Estimation in the presence of heteroskedasticty of unknown form: A Lasso-based approach
OA Version
Citation
E. González-Coya, P. Perron. 2023. "Estimation in the Presence of Heteroskedasticty of Unknown Form: A Lasso-based Approach"
Abstract
We study the Feasible Generalized Least-Squares (FGLS) estimation of the parameters
of a linear regression model in the presence of heteroskedasticity of unknown
form in the errors. We suggest a Lasso based procedure to estimate the skedastic
function of the residuals. The advantage of using Lasso is that it can handle a
large number of potential covariates, yet still yields a parsimonious specification. Using
extensive simulation experiments, we show that our suggested procedure always
provide some improvements in the precision of the parameter of interest (lower Mean-
Squared Errors) when heteroskedasticity is present and is equivalent to OLS when
there is none.
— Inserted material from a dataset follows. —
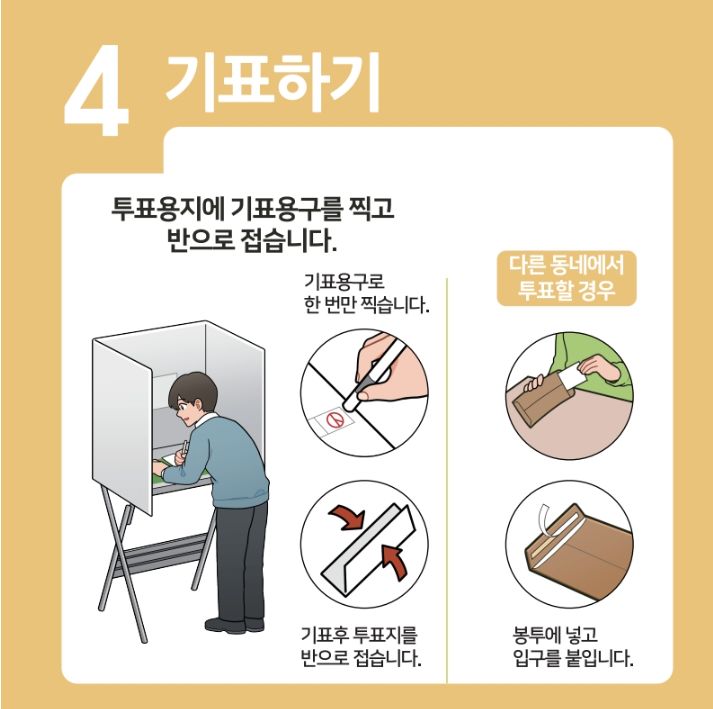 - 기표 시 유의사항: 두 곳 이상 표시하거나 용지를 훼손하면 무효 처리되며, 재투표는 불가합니다.

It also performs better than previously suggested procedures. Since the
fitted value of the skedastic function falls short of the true specification, we form confidence
intervals using a bias-corrected version of the usual heteroskedasticity-robust
covariance matrix estimator. These have the correct size and substantially shorter
length than when using OLS. Our method is applicable to both cross-section (with a
random sample) and time series models, though here we concentrate on the former.